Dog, older man in sport jacket and woman in striped dress seated in front of 2-storey brick house.
Alf and Lena Graham, 1962, in front of Belmont House

Lena never described herself as a farmer, but we can agree that she too was a farmer. To say their income was modest would be an understatement, and except for their bedroom suite and the player piano which are still in our possession, everything in the house was a hand-me-down.

As a family, we lived in restricted sections of the dwelling: the large kitchen with its cook stove, the east double parlours, and three of the 5 bedrooms on the upper level. In terms of facilities, we had access to one bathroom with a tub, sink and toilet, a second bathroom with a shower, toilet and sink, and a 2-piece washroom on the main level. The water supply had two sources. Drinking water came from the ever-flowing artesian well to the east of the house, water that was visible in a cement tank in the floor of the basement, and soft water was collected in an underground cistern, and as its level depended totally on weather patterns, bathing was allowed only once a week, and showers were quick!

What experiences do I recall from my time at Belmont, 1946 – 1967 when I finished university, and moved to Germany, then Ottawa. . .?

Let me begin in the basement, where there was an octopus of a furnace, barely able to heat the 15-room house, fired by wood chopped by my father, or at other times fired by coal delivered by his younger brother, George Wesley Graham. I still recall winter mornings curled up in my feather tick in bed, hearing the rumble of wood being added to the furnace at 6 a.m., when my father started his day. The basement was cool enough to store a few apples, as well as the annual harvest of potatoes and carrots.

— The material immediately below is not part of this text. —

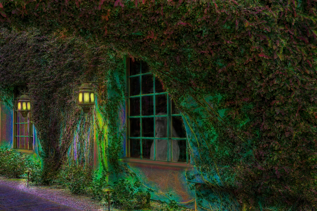 This is eerie, indeed! I almost expect a ghostly person to be peering out the window. I kinda agree with Dan about the amount of ivy-covered wall that dominates the right of the image, but I also think it gives some dimension to the image.

On the main level the kitchen had 8 doors: the pantry, (with its dumb waiter) the back stairs, the hallway, the cellar, the anteroom, the back door, the maid’s stairway, and a coat closet. It was here that the kitchen table, which had 4 leaves, hosted over a dozen hungry helpers at the time of harvest, or family gatherings. It was the room where we as children did our homework, and where we all gathered daily at the radio to hear Gordon Sinclair on CFRB. We did not live in the southwest room at all; it was a playroom or storage area. In the east parlour was the piano, the dining table for occasional use, and after 1963, a television – black and white, of course.

The central grand staircase area was not useful except as transit space, and where children produced costumed plays and musical fantasies. The main front door was not used more than three times a year.

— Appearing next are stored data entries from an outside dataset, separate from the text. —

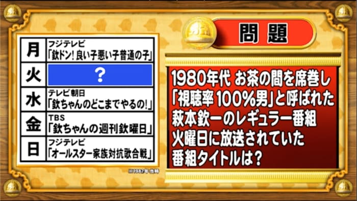 今からおよそ40年前の1980年代、お茶の間を席巻し、「視聴率100%男」と呼ばれた萩本欽一さんのレギュラー番組の中で、毎週火曜日に放送されていた番組のタイトルは何でしょうか?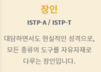 ISTP는 다재다능한 면이 적고 내 방식대로 하려는 기질이 강합니다.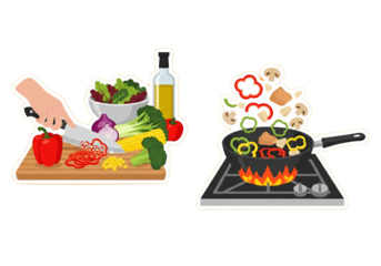 Preparing a healthy meal with fresh vegetables being chopped on a cutting board and cooked in a pan on a gas stove

I failed to mention “the back rooms” of the house which were perhaps meant as the summer kitchen, but in fact served as storage areas for machinery, apple boxes and discarded items kept “just in case.” The original 1898 kitchen cupboards, painted bright red, had been moved there, and I own one of them to this day.

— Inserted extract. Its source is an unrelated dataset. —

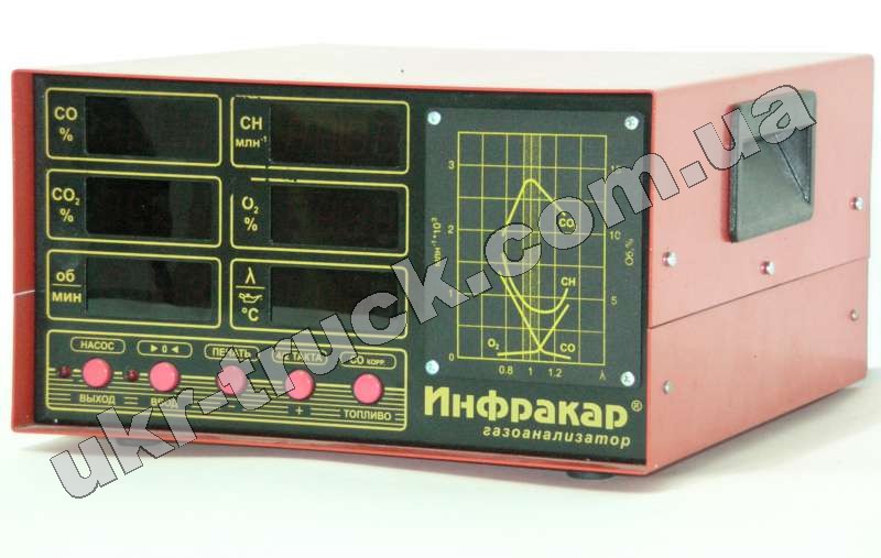 Четырехкомпонентный газоанализатор первого класса точности. . Диапазоны измерений: СО - 0.....5 % , CH - 0....3000 ppm; СО2: 0 - 16%, О2: 0 - 21 %, : 0...2; n: 0...6000 мин-1 . Относительная погрешность измерений ± 5 % для СН канала, для всех остальных каналов ± 4 %. Абсолютная погрешность измерений тахометра: ± 2,5% от верхнего предела измерений. Время прогрева - не более 30 мин при 20град.С окружающей среды. Время установления показаний газоанализатора - не более 30 сек. Время установления показаний канала О2 - не более 60 сек Дополнительные возможности: автоматический слив конденсата; возможность подстройки чувствительности тахометра, автоматическая продувка нуля с помощью второго компрессора; связь с персональным компьютером по RS-232, вычисление параметра для различных видов топлива: бензин, пропан, природный газ; вычисление параметра CO - КОРРЕКТИРОВАННОЕ. Гарантия 1 год.

My parents once hosted a New Year’s Eve party and dance, using the double parlours on the east side of the house, with a small instrumental group providing the dance tunes. In 1970, my sister’s wedding reception took place in these large rooms. A decade later, my father’s health forced him to abandon farming after 40 years, and pass what remained of the property to Heather Griffin and her family.

In 1986, Alfred and Lena moved to a bungalow on Mill Street south at the end of August, where he died only 7 weeks later. Lena lived in the village and was active with the NVDHS for another 20 years.

While living at Belmont, we were always aware that we were custodians of a slice of Newcastle history, the more so because my father had been Reeve of the area before he was 35. We enjoyed the swimming hole in Wilmot Creek, and I learned to skate on the former fishponds. We caught rainbow trout from the stream, we had fresh produce from the half-acre garden and especially enjoyed the flavour of harvest apples from the single tree in the garden. The external buildings consisted of a chicken house where I collected eggs daily, a driving shed for all the implements, and a two-tier barn, the newer section having been built by my father between 1939 and 1946.

What a privilege it was to grow up with an awareness of things past and things to come, while helping to preserve and gradually improve a small element of Canadian heritage.